Kebijakan ini diambil setelah evaluasi atas insiden meninggalnya lima peserta Sarjana Penggerak Pembangunan Indonesia (SPPI) saat mengikuti pelatihan.
Baca juga:
Ini Yang Harus Dipelajari Calon Menajer Koperasi Desa Merah Putih, Bukan Pendekatan Fisik Berlebihan
Latsarmil Berubah Jadi Bela Negara 2 Pekan
Wakil Menteri Pertahanan Donny Ermawan menjelaskan konsep pelatihan kini diganti menjadi Pelatihan Bela Negara dengan durasi lebih singkat hanya berlangsung selama dua pekan.

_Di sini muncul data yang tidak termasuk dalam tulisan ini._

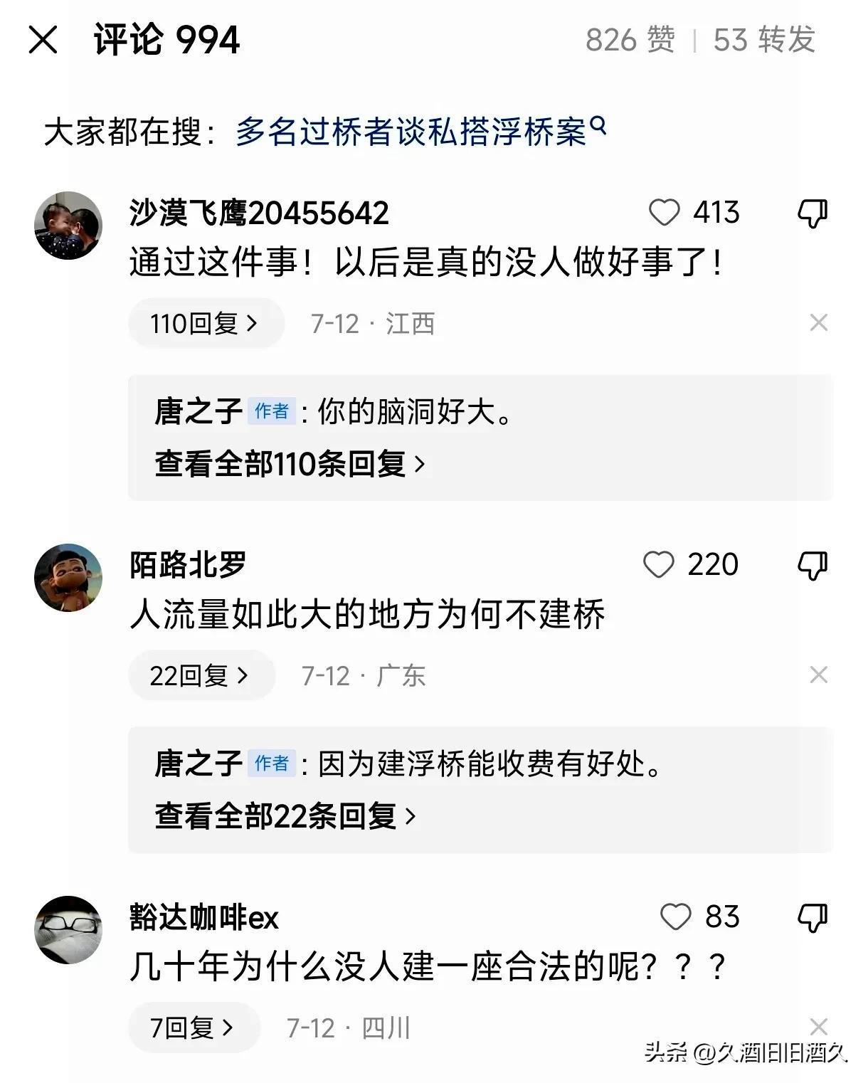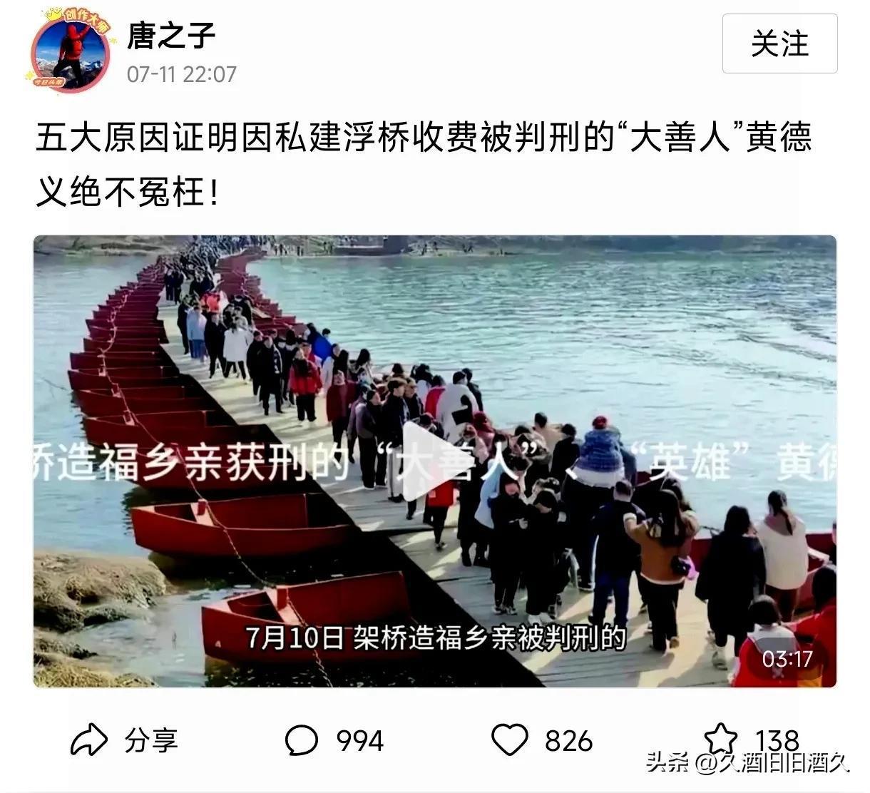 我们回看整个事件,由于有关部门的不能提供群众出行所需、这是首因;导致黄德义从善意出发,有了私建浮桥的行为。按道理来说这是为村民出行合法权益,被逼无奈的做法,造桥可以被理解。村民也由此也获得了实际出行的便利。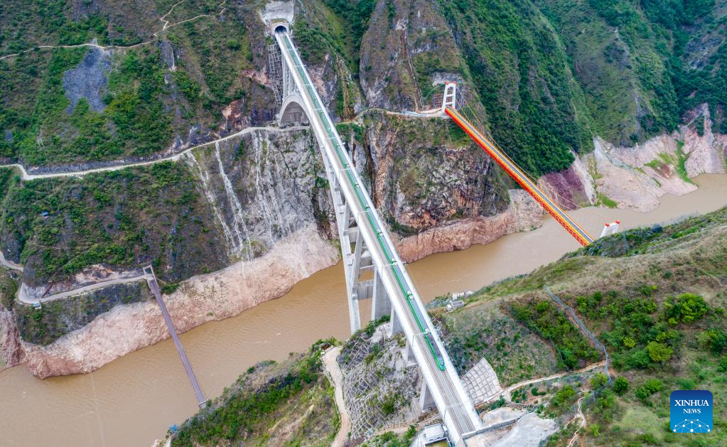 A bullet train runs for trial on the Lancang River super major bridge along the Dali-Baoshan section of Dali-Ruili Railway in southwest China's Yunnan Province, July 19, 2022.

Tempat pembelajaran, tempat pendidikan tetap di 67 satdik (satuan pendidikan TNI) tersebut cuma waktunya saja yang berubah. Nah, itu adalah terkait dengan kami telah merevisi program tersebut,
kata Wamenhan Donny Ermawan, usai rapat dengan Komisi I DPR RI di Jakarta, Rabu (1/7).
Evaluasi Insiden 5 Peserta Meninggal
Donny menegaskan perubahan skema diklat calon pengelola Koperasi Desa/Kelurahan Merah Putih itu merupakan hasil evaluasi menyeluruh atas insiden meninggalnya lima peserta SPPI.
Baca juga:
Lebih dari 35 Ribu Calon Manajer Koperasi Merah Putih Ikuti Pelatihan Komcad
Menurut dia, peserta akan melanjutkan pendidikan manajerial selama satu bulan setelah menyelesaikan pelatihan Bela Negara. Dilansir Antara, untuk modul pembelajaran disiapkan dua kementerian terkait sesuai program koperasi desa maupun koperasi nelayan.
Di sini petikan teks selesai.